§ **Instructions for the task**
The response should be the data again, identical in every line.

_____

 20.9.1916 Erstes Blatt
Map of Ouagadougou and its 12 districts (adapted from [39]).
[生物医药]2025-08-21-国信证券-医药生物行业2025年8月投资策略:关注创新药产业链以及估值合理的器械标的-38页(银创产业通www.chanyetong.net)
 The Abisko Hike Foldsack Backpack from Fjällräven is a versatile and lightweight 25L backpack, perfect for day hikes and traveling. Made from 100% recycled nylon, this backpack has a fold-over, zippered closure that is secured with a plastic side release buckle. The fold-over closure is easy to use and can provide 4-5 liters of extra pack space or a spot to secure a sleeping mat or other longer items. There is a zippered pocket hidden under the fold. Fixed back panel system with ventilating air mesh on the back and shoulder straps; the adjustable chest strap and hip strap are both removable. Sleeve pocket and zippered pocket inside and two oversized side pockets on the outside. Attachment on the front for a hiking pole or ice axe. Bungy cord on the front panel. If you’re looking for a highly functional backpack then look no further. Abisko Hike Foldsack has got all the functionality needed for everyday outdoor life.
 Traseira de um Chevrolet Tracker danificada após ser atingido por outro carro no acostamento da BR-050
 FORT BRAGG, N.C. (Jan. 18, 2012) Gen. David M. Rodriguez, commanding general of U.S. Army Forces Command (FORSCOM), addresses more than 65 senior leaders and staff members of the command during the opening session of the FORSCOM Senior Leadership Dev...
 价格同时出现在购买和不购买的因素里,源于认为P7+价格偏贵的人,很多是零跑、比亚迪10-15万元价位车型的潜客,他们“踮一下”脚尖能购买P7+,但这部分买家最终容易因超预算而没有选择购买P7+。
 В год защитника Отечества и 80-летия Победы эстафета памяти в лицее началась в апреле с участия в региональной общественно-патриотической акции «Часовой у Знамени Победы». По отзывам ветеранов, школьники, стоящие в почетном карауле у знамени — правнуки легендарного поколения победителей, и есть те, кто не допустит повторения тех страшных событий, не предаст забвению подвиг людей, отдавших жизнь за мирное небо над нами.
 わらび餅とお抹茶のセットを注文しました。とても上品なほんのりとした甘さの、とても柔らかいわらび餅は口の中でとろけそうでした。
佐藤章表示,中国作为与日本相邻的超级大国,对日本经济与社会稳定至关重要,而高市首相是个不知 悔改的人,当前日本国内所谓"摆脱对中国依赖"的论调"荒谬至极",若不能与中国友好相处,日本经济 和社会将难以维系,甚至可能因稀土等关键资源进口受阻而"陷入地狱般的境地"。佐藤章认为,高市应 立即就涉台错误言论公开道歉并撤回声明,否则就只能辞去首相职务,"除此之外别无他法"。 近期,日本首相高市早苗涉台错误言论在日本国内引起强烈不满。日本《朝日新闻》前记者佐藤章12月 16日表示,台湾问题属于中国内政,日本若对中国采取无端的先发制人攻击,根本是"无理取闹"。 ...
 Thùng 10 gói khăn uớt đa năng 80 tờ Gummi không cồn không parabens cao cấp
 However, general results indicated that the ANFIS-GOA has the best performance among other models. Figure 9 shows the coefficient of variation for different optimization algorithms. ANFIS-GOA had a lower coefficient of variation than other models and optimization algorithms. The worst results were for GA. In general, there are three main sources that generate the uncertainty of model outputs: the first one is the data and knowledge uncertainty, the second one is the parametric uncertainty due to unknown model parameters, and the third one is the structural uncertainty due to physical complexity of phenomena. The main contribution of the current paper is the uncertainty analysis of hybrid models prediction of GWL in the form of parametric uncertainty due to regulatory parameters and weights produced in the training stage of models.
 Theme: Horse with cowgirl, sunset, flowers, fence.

_____

§ **Answer space**
 20.9.1916 Erstes Blatt
Map of Ouagadougou and its 12 districts (adapted from [39]).
[生物医药]2025-08-21-国信证券-医药生物行业2025年8月投资策略:关注创新药产业链以及估值合理的器械标的-38页(银创产业通www.chanyetong.net)
 The Abisko Hike Foldsack Backpack from Fjällräven is a versatile and lightweight 25L backpack, perfect for day hikes and traveling. Made from 100% recycled nylon, this backpack has a fold-over, zippered closure that is secured with a plastic side release buckle. The fold-over closure is easy to use and can provide 4-5 liters of extra pack space or a spot to secure a sleeping mat or other longer items. There is a zippered pocket hidden under the fold. Fixed back panel system with ventilating air mesh on the back and shoulder straps; the adjustable chest strap and hip strap are both removable. Sleeve pocket and zippered pocket inside and two oversized side pockets on the outside. Attachment on the front for a hiking pole or ice axe. Bungy cord on the front panel. If you’re looking for a highly functional backpack then look no further. Abisko Hike Foldsack has got all the functionality needed for everyday outdoor life.
 Traseira de um Chevrolet Tracker danificada após ser atingido por outro carro no acostamento da BR-050
 FORT BRAGG, N.C. (Jan. 18, 2012) Gen. David M. Rodriguez, commanding general of U.S. Army Forces Command (FORSCOM), addresses more than 65 senior leaders and staff members of the command during the opening session of the FORSCOM Senior Leadership Dev...
 价格同时出现在购买和不购买的因素里,源于认为P7+价格偏贵的人,很多是零跑、比亚迪10-15万元价位车型的潜客,他们“踮一下”脚尖能购买P7+,但这部分买家最终容易因超预算而没有选择购买P7+。
 В год защитника Отечества и 80-летия Победы эстафета памяти в лицее началась в апреле с участия в региональной общественно-патриотической акции «Часовой у Знамени Победы». По отзывам ветеранов, школьники, стоящие в почетном карауле у знамени — правнуки легендарного поколения победителей, и есть те, кто не допустит повторения тех страшных событий, не предаст забвению подвиг людей, отдавших жизнь за мирное небо над нами.
 わらび餅とお抹茶のセットを注文しました。とても上品なほんのりとした甘さの、とても柔らかいわらび餅は口の中でとろけそうでした。
佐藤章表示,中国作为与日本相邻的超级大国,对日本经济与社会稳定至关重要,而高市首相是个不知 悔改的人,当前日本国内所谓"摆脱对中国依赖"的论调"荒谬至极",若不能与中国友好相处,日本经济 和社会将难以维系,甚至可能因稀土等关键资源进口受阻而"陷入地狱般的境地"。佐藤章认为,高市应 立即就涉台错误言论公开道歉并撤回声明,否则就只能辞去首相职务,"除此之外别无他法"。 近期,日本首相高市早苗涉台错误言论在日本国内引起强烈不满。日本《朝日新闻》前记者佐藤章12月 16日表示,台湾问题属于中国内政,日本若对中国采取无端的先发制人攻击,根本是"无理取闹"。 ...
 Thùng 10 gói khăn uớt đa năng 80 tờ Gummi không cồn không parabens cao cấp
 However, general results indicated that the ANFIS-GOA has the best performance among other models. Figure 9 shows the coefficient of variation for different optimization algorithms. ANFIS-GOA had a lower coefficient of variation than other models and optimization algorithms. The worst results were for GA. In general, there are three main sources that generate the uncertainty of model outputs: the first one is the data and knowledge uncertainty, the second one is the parametric uncertainty due to unknown model parameters, and the third one is the structural uncertainty due to physical complexity of phenomena. The main contribution of the current paper is the uncertainty analysis of hybrid models prediction of GWL in the form of parametric uncertainty due to regulatory parameters and weights produced in the training stage of models.
 Theme: Horse with cowgirl, sunset, flowers, fence.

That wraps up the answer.